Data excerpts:
================
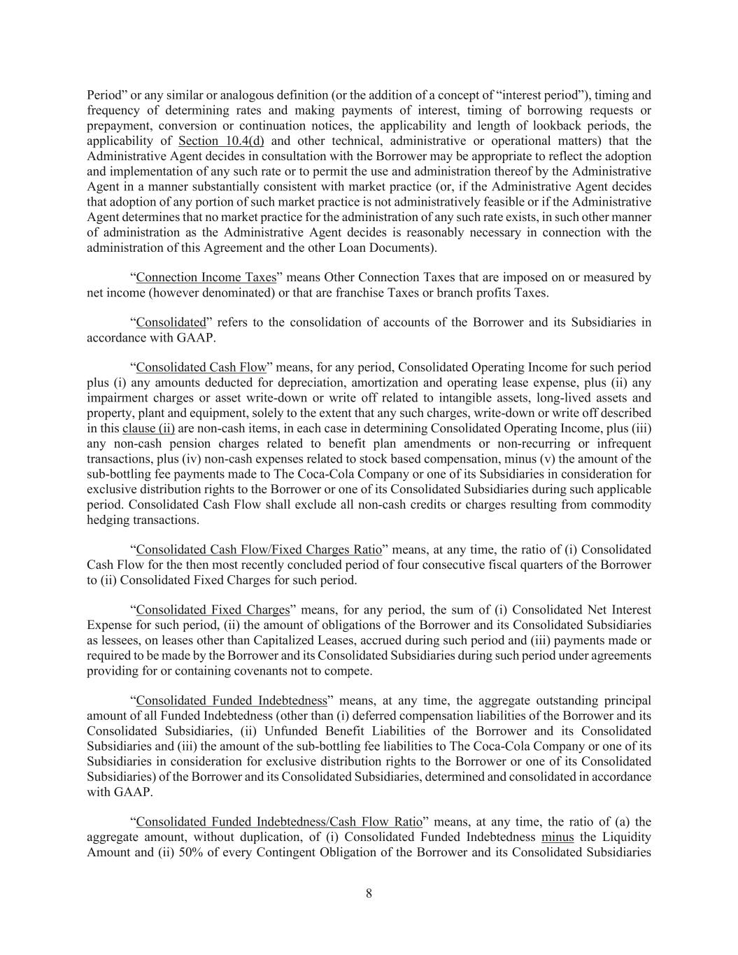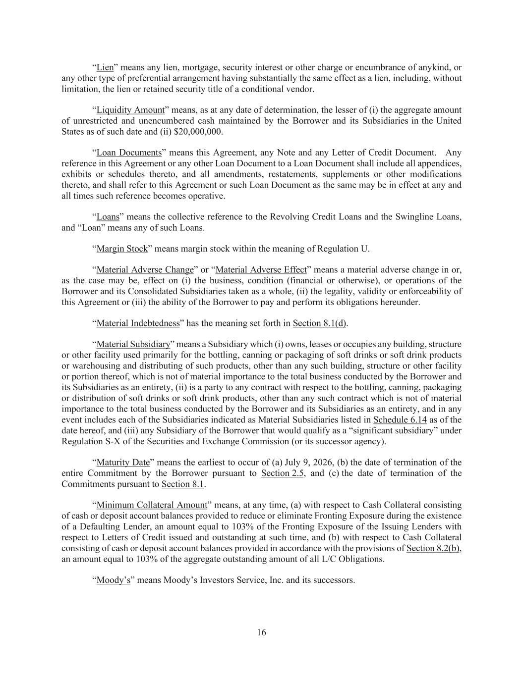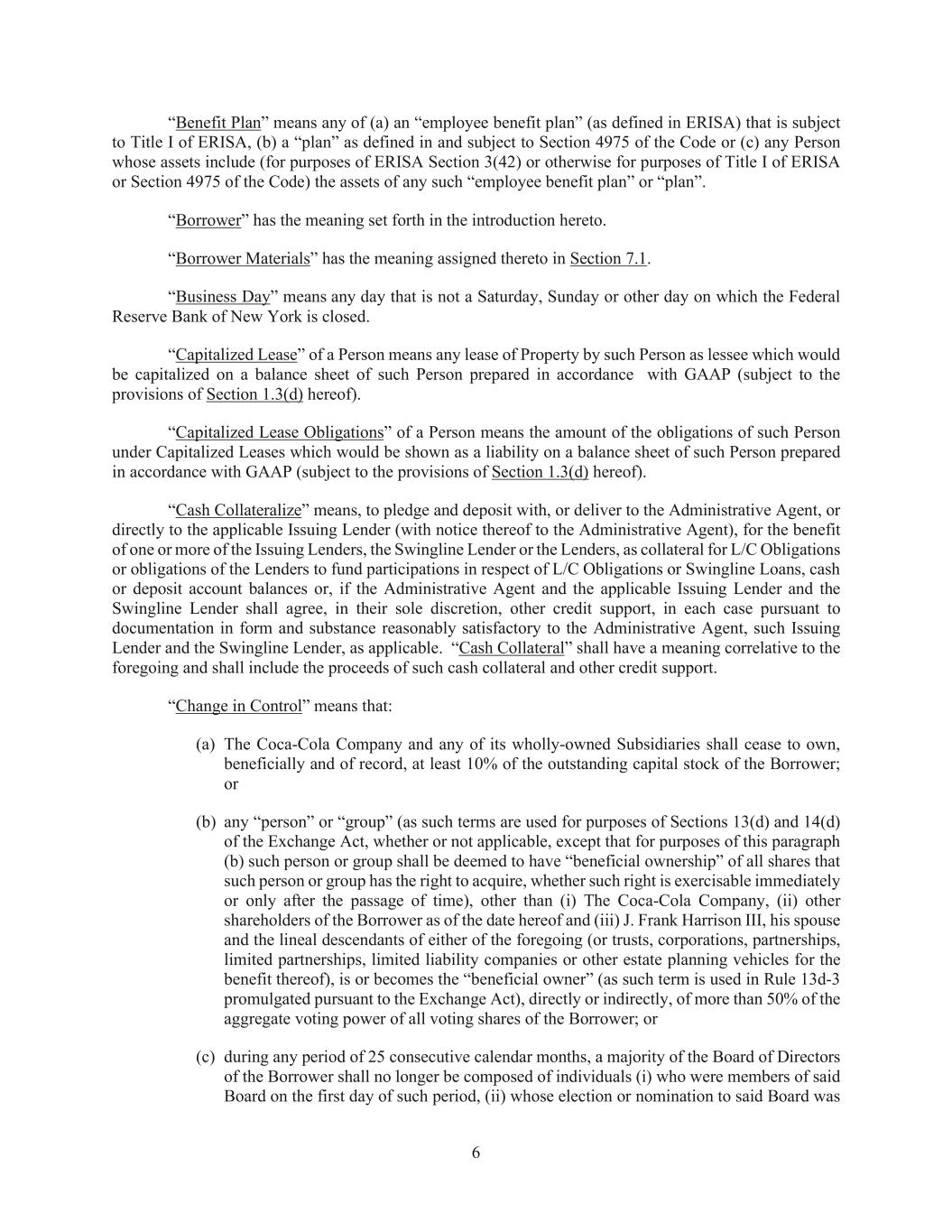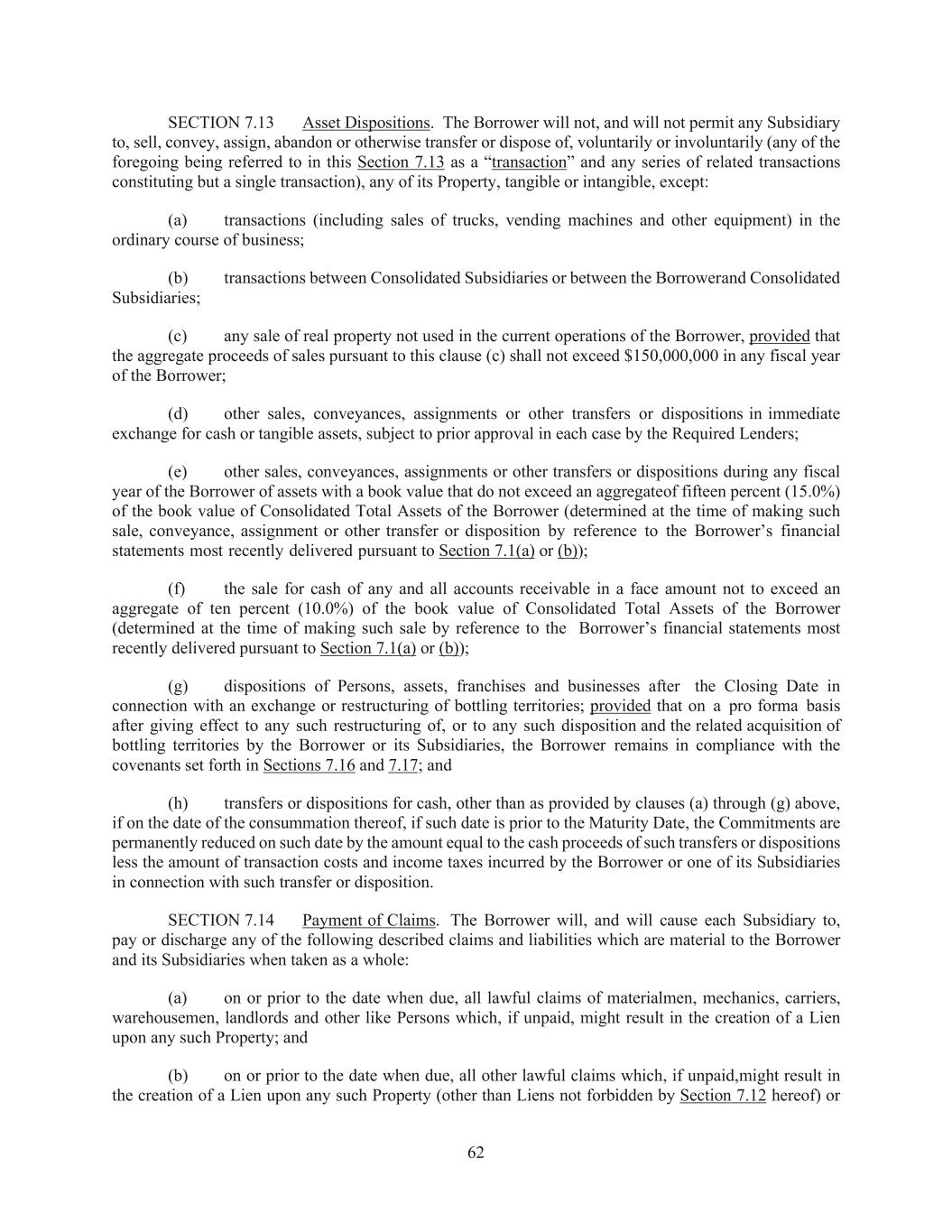 62 SECTION 7.13 Asset Dispositions. The Borrower will not, and will not permit any Subsidiary to, sell, convey, assign, abandon or otherwise transfer or dispose of, voluntarily or involuntarily (any of the foregoing being referred to in this Section 7.13 as a “transaction” and any series of related transactions constituting but a single transaction), any of its Property, tangible or intangible, except: (a) transactions (including sales of trucks, vending machines and other equipment) in the ordinary course of business; (b) transactions between Consolidated Subsidiaries or between the Borrower and Consolidated Subsidiaries; (c) any sale of real property not used in the current operations of the Borrower, provided that the aggregate proceeds of sales pursuant to this clause (c) shall not exceed $150,000,000 in any fiscal year of the Borrower; (d) other sales, conveyances, assignments or other transfers or dispositions in immediate exchange for cash or tangible assets, subject to prior approval in each case by the Required Lenders; (e) other sales, conveyances, assignments or other transfers or dispositions during any fiscal year of the Borrower of assets with a book value that do not exceed an aggregate of fifteen percent (15.0%) of the book value of Consolidated Total Assets of the Borrower (determined at the time of making such sale, conveyance, assignment or other transfer or disposition by reference to the Borrower’s financial statements most recently delivered pursuant to Section 7.1(a) or (b)); (f) the sale for cash of any and all accounts receivable in a face amount not to exceed an aggregate of ten percent (10.0%) of the book value of Consolidated Total Assets of the Borrower (determined at the time of making such sale by reference to the Borrower’s financial statements most recently delivered pursuant to Section 7.1(a) or (b)); (g) dispositions of Persons, assets, franchises and businesses after the Closing Date in connection with an exchange or restructuring of bottling territories; provided that on a pro forma basis after giving effect to any such restructuring of, or to any such disposition and the related acquisition of bottling territories by the Borrower or its Subsidiaries, the Borrower remains in compliance with the covenants set forth in Sections 7.16 and 7.17; and (h) transfers or dispositions for cash, other than as provided by clauses (a) through (g) above, if on the date of the consummation thereof, if such date is prior to the Maturity Date, the Commitments are permanently reduced on such date by the amount equal to the cash proceeds of such transfers or dispositions less the amount of transaction costs and income taxes incurred by the Borrower or one of its Subsidiaries in connection with such transfer or disposition. SECTION 7.14 Payment of Claims. The Borrower will, and will cause each Subsidiary to, pay or discharge any of the following described claims and liabilities which are material to the Borrower and its Subsidiaries when taken as a whole: (a) on or prior to the date when due, all lawful claims of materialmen, mechanics, carriers, warehousemen, landlords and other like Persons which, if unpaid, might result in the creation of a Lien upon any such Property; and (b) on or prior to the date when due, all other lawful claims which, if unpaid, might result in the creation of a Lien upon any such Property (other than Liens not forbidden by Section 7.12 hereof) or
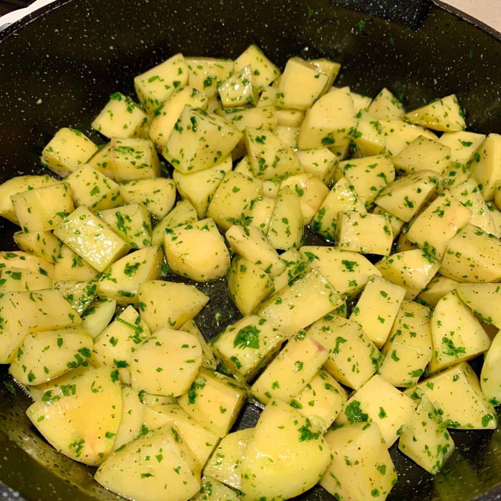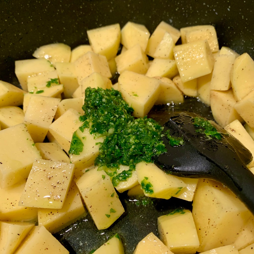 L’altra sera ho preparato il trito di aglio e prezzemolo (con un mazzo di prezzemolo e due spicchi di aglio) per fare dei funghi al forno. Quello avanzato l’ho messo in un vasetto in frigo. Perciò stasera che mi serve un contorno, approfitto di averlo già pronto e provo a replicare la ricetta di nonna Marcellina! Quindi cominciamo a pelare le patate…
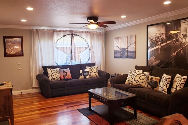 Large spacious living room and kitchen area with a texas appeal , great for large families or small , QUIET NEIGHBORHOOD, FAMILY FRIENDLY room for outdoor seating and activities as well. No ANIMALS allowed
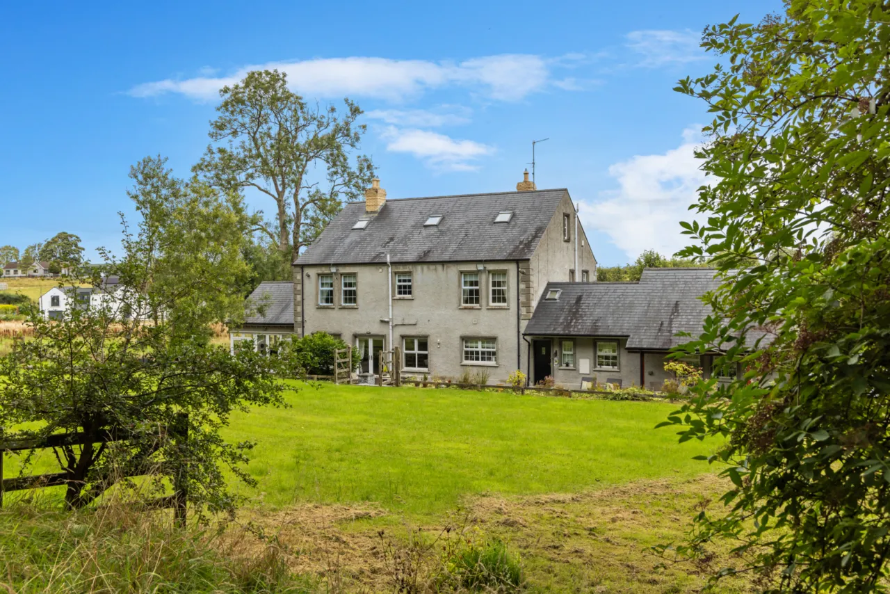 Magnificent site accessed via electric gates extending to 2.2 acres with formal lawns, patio and woodland, generous parking with turning circle for several cars, granite external steps at all external doors
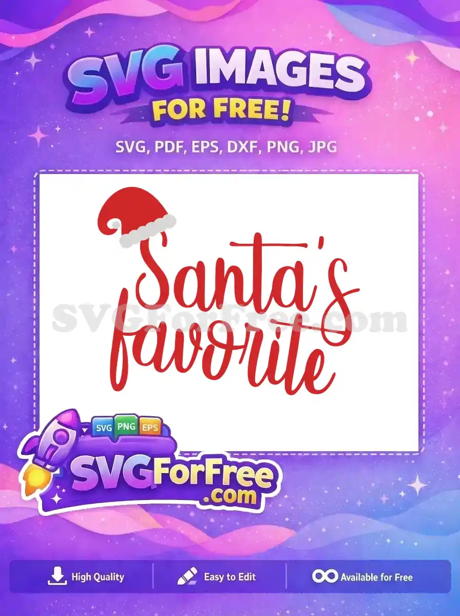 ‘Santa’s Favorite’ typography with a red Santa hat, a fun free holiday design.
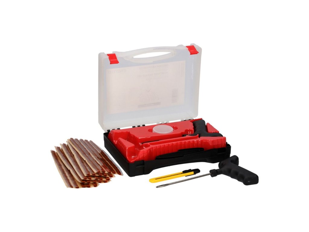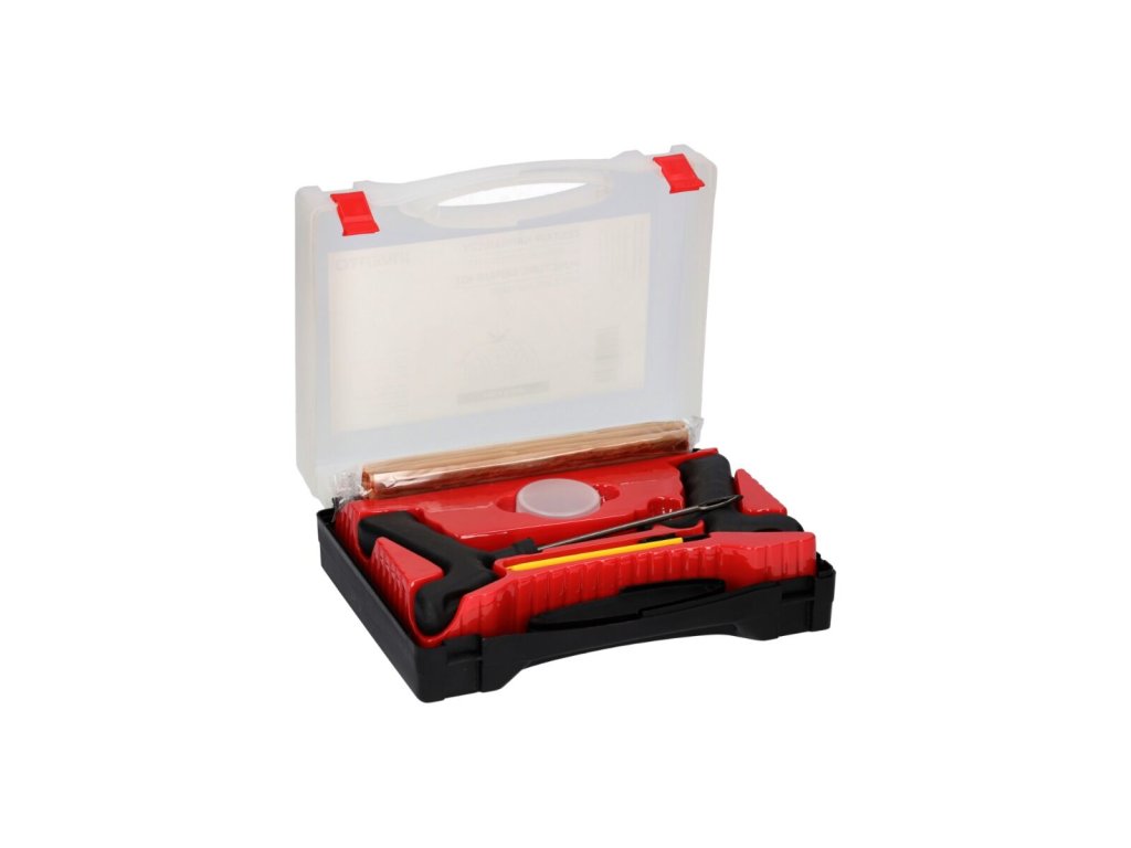 Profesionální sada na opravu pneumatik v praktickém plastovém kufříku je určena pro osobní a lehké užitkové vozy do 3,5 t. Umožňuje rychlou opravu bez nutnosti demontáže pneumatiky z ráfku. Díky kompaktnímu a kompletnímu provedení je ideálním vybavením pro dílny, autodopravce i běžné řidiče.
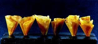 6. Once they are caramelized, fold them in half while still in the oven to make sure they do not cool. Repeat the operation to make a triangle. Try to keep them as aired as possible. Add a final fold by pressing on the side until you have made a fan.
================
● ASSIGNMENT:
Nothing may be altered when you restate the records, but every picture must be dropped.

● ANSWER FOR THIS EXERCISE:
 62 SECTION 7.13 Asset Dispositions. The Borrower will not, and will not permit any Subsidiary to, sell, convey, assign, abandon or otherwise transfer or dispose of, voluntarily or involuntarily (any of the foregoing being referred to in this Section 7.13 as a “transaction” and any series of related transactions constituting but a single transaction), any of its Property, tangible or intangible, except: (a) transactions (including sales of trucks, vending machines and other equipment) in the ordinary course of business; (b) transactions between Consolidated Subsidiaries or between the Borrower and Consolidated Subsidiaries; (c) any sale of real property not used in the current operations of the Borrower, provided that the aggregate proceeds of sales pursuant to this clause (c) shall not exceed $150,000,000 in any fiscal year of the Borrower; (d) other sales, conveyances, assignments or other transfers or dispositions in immediate exchange for cash or tangible assets, subject to prior approval in each case by the Required Lenders; (e) other sales, conveyances, assignments or other transfers or dispositions during any fiscal year of the Borrower of assets with a book value that do not exceed an aggregate of fifteen percent (15.0%) of the book value of Consolidated Total Assets of the Borrower (determined at the time of making such sale, conveyance, assignment or other transfer or disposition by reference to the Borrower’s financial statements most recently delivered pursuant to Section 7.1(a) or (b)); (f) the sale for cash of any and all accounts receivable in a face amount not to exceed an aggregate of ten percent (10.0%) of the book value of Consolidated Total Assets of the Borrower (determined at the time of making such sale by reference to the Borrower’s financial statements most recently delivered pursuant to Section 7.1(a) or (b)); (g) dispositions of Persons, assets, franchises and businesses after the Closing Date in connection with an exchange or restructuring of bottling territories; provided that on a pro forma basis after giving effect to any such restructuring of, or to any such disposition and the related acquisition of bottling territories by the Borrower or its Subsidiaries, the Borrower remains in compliance with the covenants set forth in Sections 7.16 and 7.17; and (h) transfers or dispositions for cash, other than as provided by clauses (a) through (g) above, if on the date of the consummation thereof, if such date is prior to the Maturity Date, the Commitments are permanently reduced on such date by the amount equal to the cash proceeds of such transfers or dispositions less the amount of transaction costs and income taxes incurred by the Borrower or one of its Subsidiaries in connection with such transfer or disposition. SECTION 7.14 Payment of Claims. The Borrower will, and will cause each Subsidiary to, pay or discharge any of the following described claims and liabilities which are material to the Borrower and its Subsidiaries when taken as a whole: (a) on or prior to the date when due, all lawful claims of materialmen, mechanics, carriers, warehousemen, landlords and other like Persons which, if unpaid, might result in the creation of a Lien upon any such Property; and (b) on or prior to the date when due, all other lawful claims which, if unpaid, might result in the creation of a Lien upon any such Property (other than Liens not forbidden by Section 7.12 hereof) or
 L’altra sera ho preparato il trito di aglio e prezzemolo (con un mazzo di prezzemolo e due spicchi di aglio) per fare dei funghi al forno. Quello avanzato l’ho messo in un vasetto in frigo. Perciò stasera che mi serve un contorno, approfitto di averlo già pronto e provo a replicare la ricetta di nonna Marcellina! Quindi cominciamo a pelare le patate…
 Large spacious living room and kitchen area with a texas appeal , great for large families or small , QUIET NEIGHBORHOOD, FAMILY FRIENDLY room for outdoor seating and activities as well. No ANIMALS allowed
 Magnificent site accessed via electric gates extending to 2.2 acres with formal lawns, patio and woodland, generous parking with turning circle for several cars, granite external steps at all external doors
 ‘Santa’s Favorite’ typography with a red Santa hat, a fun free holiday design.
 Profesionální sada na opravu pneumatik v praktickém plastovém kufříku je určena pro osobní a lehké užitkové vozy do 3,5 t. Umožňuje rychlou opravu bez nutnosti demontáže pneumatiky z ráfku. Díky kompaktnímu a kompletnímu provedení je ideálním vybavením pro dílny, autodopravce i běžné řidiče.
 6. Once they are caramelized, fold them in half while still in the oven to make sure they do not cool. Repeat the operation to make a triangle. Try to keep them as aired as possible. Add a final fold by pressing on the side until you have made a fan.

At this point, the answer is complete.